When I found him, he was lying on his side on the gravel- I thought for sure he was dead. He wasn't though, and I stayed home from work to watch over him. He managed to take a few breaths and eat a blood-worm, as I slowly heated his tank up. A couple days later, it seemed like everything would be all right. Kenji would ocassionly weakly flare at my fingers, and he was getting some of his gusto back.
I don't know what happened. He just went down hill, and he looked extremely sick. I treated him with meds and did water-changes to no affect. :-( 
When it was finally Christmas Day, I was happy because he had seem his fourth christmas ever. He was not looking good though; he wouldn't eat and when I attempted to do a water-change he almost died.
On the night of December 27th, I did a 1/2 water change. It didn't do him any good though- he wouln't move at all. I stayed up all night, watching him, and finally at around 2:00 AM, on December 28th, he died.

Rest in Peace, Kenji.

We barried him in the garden, and I made a grave-stone with an old blank of wood and a Sharpie. I had a little funeral, and everyone in my family came. 
Kenji was the most boisturus (aggresive?) betta I have ever had. He would attack anything he saw, so no tank-mates, and he would flare at my finger, face, or clothing. Once I tried to touch him when he was asleep, and he woke up and bit me!;-) I miss him so much, and he will always be my beutiful little Kenji.

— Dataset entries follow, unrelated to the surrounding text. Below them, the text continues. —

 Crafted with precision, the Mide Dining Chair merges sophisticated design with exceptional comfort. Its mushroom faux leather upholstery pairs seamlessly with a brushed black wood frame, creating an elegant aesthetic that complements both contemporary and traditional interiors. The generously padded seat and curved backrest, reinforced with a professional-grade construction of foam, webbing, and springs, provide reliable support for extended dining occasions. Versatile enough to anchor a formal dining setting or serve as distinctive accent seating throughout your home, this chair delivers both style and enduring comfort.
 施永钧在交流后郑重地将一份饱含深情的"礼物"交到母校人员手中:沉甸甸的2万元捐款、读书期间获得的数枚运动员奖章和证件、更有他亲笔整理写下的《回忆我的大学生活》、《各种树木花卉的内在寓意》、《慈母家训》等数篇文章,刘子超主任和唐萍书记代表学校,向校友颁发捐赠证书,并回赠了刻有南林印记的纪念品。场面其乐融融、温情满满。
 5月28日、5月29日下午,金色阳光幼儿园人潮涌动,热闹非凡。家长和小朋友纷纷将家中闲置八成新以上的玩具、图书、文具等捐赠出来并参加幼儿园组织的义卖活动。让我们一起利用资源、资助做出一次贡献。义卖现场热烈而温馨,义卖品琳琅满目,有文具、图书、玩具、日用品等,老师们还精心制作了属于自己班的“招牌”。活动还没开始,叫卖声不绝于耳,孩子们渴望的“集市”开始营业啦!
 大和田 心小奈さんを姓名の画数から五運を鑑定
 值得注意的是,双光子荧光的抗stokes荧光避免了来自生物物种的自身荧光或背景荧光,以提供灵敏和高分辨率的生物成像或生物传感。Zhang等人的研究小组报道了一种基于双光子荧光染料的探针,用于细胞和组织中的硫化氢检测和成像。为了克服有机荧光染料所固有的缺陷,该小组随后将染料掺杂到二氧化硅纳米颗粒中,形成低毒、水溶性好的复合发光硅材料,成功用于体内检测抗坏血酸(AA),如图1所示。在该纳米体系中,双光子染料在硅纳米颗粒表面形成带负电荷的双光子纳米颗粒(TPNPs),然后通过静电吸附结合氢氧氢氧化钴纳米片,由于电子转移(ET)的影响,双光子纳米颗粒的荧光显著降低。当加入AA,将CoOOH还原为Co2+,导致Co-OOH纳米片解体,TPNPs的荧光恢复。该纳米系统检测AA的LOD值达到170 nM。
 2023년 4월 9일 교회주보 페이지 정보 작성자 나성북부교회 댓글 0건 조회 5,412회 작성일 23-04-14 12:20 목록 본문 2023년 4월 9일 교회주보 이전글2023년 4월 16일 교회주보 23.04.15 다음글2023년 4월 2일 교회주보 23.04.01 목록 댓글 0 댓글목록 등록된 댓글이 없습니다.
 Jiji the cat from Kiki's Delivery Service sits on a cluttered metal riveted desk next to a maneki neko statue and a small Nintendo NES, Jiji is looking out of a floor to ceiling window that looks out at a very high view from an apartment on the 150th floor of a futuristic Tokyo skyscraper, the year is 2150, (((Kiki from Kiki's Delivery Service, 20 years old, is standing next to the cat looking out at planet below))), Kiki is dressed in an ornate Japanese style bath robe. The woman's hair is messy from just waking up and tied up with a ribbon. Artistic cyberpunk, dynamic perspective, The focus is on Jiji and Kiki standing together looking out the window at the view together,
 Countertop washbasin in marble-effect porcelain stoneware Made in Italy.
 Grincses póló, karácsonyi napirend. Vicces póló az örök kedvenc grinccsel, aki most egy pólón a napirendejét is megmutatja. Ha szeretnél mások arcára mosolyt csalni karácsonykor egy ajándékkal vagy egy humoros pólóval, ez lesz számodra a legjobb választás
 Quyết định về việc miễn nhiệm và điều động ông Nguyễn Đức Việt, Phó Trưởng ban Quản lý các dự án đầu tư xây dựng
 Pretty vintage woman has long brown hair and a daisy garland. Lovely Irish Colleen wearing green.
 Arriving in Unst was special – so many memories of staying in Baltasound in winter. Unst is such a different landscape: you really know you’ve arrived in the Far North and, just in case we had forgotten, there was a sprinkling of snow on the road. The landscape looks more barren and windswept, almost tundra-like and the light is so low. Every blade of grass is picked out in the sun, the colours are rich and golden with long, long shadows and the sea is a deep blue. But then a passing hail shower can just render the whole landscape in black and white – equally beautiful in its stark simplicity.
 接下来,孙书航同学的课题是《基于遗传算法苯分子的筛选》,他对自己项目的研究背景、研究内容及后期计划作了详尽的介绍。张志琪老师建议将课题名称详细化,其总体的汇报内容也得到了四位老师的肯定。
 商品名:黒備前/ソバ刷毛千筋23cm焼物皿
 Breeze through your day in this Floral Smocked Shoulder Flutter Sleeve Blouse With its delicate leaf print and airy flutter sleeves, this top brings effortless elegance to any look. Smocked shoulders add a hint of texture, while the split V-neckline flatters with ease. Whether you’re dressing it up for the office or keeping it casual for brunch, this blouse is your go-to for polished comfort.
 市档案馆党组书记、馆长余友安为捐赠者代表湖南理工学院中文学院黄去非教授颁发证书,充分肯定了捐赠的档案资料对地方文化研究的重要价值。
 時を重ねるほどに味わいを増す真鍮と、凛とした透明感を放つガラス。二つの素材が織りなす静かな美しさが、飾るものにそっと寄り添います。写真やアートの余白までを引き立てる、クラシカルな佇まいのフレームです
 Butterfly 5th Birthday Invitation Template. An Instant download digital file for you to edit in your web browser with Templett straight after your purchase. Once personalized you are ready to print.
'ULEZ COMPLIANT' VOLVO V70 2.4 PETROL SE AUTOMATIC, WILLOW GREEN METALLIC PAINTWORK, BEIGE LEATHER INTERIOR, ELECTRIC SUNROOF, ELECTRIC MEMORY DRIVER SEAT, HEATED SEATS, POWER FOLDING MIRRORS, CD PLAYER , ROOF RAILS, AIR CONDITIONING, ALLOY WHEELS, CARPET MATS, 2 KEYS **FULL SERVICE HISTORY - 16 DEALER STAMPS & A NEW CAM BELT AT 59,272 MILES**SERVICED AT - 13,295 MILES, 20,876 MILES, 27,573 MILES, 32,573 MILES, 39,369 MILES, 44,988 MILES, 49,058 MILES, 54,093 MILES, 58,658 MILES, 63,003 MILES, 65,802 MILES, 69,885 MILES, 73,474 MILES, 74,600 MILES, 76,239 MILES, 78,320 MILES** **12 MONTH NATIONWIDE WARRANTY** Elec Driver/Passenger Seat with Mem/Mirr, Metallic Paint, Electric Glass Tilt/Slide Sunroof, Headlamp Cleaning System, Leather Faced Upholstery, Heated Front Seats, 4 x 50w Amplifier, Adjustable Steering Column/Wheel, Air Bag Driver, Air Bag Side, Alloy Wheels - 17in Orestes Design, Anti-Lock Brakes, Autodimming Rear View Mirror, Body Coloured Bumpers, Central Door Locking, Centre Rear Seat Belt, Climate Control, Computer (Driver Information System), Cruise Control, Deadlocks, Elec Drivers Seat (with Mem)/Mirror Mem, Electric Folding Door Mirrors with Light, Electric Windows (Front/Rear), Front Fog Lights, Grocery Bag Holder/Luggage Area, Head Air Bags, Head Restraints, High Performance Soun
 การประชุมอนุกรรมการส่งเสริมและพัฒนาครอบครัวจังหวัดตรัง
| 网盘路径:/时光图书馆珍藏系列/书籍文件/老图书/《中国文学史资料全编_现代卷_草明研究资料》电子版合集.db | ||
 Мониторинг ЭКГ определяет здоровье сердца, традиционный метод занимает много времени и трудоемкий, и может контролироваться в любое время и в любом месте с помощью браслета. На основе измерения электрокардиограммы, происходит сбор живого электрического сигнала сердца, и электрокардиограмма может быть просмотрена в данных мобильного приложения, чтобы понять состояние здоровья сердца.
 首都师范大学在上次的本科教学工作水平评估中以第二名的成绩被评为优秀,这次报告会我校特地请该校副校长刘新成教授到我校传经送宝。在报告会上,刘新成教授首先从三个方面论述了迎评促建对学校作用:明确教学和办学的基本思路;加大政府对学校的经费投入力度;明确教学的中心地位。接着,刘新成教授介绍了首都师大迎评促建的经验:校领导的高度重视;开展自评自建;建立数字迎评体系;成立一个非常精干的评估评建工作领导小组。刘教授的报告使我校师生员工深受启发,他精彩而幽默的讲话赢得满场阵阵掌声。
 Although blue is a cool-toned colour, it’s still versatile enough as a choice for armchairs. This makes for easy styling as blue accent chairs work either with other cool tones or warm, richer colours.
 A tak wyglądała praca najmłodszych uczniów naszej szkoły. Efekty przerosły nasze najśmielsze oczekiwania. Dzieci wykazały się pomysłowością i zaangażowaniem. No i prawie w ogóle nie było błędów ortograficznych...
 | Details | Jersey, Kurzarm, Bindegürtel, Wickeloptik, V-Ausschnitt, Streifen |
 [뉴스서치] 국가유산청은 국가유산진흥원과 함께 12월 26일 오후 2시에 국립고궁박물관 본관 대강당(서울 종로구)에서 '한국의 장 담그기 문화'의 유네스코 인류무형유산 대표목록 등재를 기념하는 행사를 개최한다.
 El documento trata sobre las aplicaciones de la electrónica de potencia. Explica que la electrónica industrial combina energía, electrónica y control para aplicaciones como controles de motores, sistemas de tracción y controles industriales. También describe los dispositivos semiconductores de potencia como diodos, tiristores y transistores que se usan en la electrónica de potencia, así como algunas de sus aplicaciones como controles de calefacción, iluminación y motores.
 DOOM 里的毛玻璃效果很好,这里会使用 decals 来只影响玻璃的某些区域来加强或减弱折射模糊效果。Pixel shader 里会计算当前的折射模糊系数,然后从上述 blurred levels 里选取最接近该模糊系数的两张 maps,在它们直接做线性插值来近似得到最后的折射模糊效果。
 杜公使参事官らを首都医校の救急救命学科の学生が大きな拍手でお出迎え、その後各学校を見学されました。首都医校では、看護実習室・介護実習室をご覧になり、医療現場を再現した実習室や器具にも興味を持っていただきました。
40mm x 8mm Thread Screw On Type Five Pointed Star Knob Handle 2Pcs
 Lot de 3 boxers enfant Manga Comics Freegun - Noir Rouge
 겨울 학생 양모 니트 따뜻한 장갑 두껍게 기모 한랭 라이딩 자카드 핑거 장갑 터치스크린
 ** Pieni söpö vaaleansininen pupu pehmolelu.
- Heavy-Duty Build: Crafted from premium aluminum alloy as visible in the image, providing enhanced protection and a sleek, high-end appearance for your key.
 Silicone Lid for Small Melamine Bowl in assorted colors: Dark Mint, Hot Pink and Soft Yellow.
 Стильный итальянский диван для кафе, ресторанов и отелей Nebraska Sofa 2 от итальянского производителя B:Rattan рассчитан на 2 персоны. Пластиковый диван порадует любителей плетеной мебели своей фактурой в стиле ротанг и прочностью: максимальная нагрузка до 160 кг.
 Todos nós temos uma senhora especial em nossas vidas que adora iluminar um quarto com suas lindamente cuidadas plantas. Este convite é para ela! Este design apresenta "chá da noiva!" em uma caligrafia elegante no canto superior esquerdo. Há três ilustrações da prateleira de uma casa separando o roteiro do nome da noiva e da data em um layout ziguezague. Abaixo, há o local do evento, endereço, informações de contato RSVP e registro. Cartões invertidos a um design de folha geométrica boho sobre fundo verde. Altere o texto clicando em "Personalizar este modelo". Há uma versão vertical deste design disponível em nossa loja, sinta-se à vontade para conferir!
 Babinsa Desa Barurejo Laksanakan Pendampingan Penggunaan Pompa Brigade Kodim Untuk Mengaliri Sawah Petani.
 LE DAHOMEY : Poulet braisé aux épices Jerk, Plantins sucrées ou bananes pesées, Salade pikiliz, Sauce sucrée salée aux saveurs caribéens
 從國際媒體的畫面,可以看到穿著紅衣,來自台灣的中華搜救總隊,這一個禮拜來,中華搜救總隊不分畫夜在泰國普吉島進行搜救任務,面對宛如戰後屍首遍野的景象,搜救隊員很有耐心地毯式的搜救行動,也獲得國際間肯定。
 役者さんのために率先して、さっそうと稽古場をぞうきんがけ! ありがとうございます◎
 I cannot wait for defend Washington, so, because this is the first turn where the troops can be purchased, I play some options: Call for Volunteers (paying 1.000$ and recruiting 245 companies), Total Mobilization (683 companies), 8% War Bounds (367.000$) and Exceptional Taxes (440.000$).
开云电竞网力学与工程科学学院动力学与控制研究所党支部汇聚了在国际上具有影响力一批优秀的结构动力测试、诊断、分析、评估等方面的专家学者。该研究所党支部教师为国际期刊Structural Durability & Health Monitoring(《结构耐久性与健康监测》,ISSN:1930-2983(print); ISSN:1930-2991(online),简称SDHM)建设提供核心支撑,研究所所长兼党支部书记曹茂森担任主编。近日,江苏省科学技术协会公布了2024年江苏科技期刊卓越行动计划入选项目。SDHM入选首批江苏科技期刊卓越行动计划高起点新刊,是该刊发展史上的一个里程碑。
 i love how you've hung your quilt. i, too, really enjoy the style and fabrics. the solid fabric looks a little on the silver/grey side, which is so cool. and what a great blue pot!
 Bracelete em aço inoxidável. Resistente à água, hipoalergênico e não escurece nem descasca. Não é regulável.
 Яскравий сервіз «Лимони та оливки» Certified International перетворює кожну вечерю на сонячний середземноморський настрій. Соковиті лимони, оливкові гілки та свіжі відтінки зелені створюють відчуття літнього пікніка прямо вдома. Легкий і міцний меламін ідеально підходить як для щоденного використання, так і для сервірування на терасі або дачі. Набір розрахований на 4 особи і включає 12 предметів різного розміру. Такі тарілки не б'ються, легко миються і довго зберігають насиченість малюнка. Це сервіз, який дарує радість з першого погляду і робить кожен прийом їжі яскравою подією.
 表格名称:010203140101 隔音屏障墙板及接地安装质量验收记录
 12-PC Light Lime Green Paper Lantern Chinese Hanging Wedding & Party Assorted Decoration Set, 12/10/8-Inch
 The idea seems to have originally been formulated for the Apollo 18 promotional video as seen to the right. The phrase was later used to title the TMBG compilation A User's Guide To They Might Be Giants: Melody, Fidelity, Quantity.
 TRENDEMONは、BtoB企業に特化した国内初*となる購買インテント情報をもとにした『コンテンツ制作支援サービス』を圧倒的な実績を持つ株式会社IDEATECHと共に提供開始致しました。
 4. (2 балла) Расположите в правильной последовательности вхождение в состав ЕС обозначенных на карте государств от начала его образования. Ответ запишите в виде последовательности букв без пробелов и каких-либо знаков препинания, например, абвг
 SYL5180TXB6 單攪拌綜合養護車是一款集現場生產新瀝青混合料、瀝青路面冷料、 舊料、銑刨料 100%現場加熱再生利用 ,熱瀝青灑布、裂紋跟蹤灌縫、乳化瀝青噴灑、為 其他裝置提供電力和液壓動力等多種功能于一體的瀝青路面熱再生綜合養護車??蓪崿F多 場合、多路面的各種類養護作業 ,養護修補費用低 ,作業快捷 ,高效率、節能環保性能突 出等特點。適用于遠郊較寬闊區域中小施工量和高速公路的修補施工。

I couldn't figure out how to post a pic., because I am new here, but he is the betta in my signature and avatar.


----------



## shinybetta (Jul 3, 2010)

Aww, sorry......


----------



## Aluyasha (Sep 2, 2010)

It is obvious you loved him very much. And if it is obvious to me and I just met you, then it was very obvious to Kenji. He was lucky to have an owner that cared so much for him. If someone else bought him, who knows how his life would have been...
R.I.P. Kenji. 
I am sure you will see his flaring face once again someday.


----------



## Iziezi (Nov 5, 2010)

So sorry that you lost Kenji in the way you did. =(


----------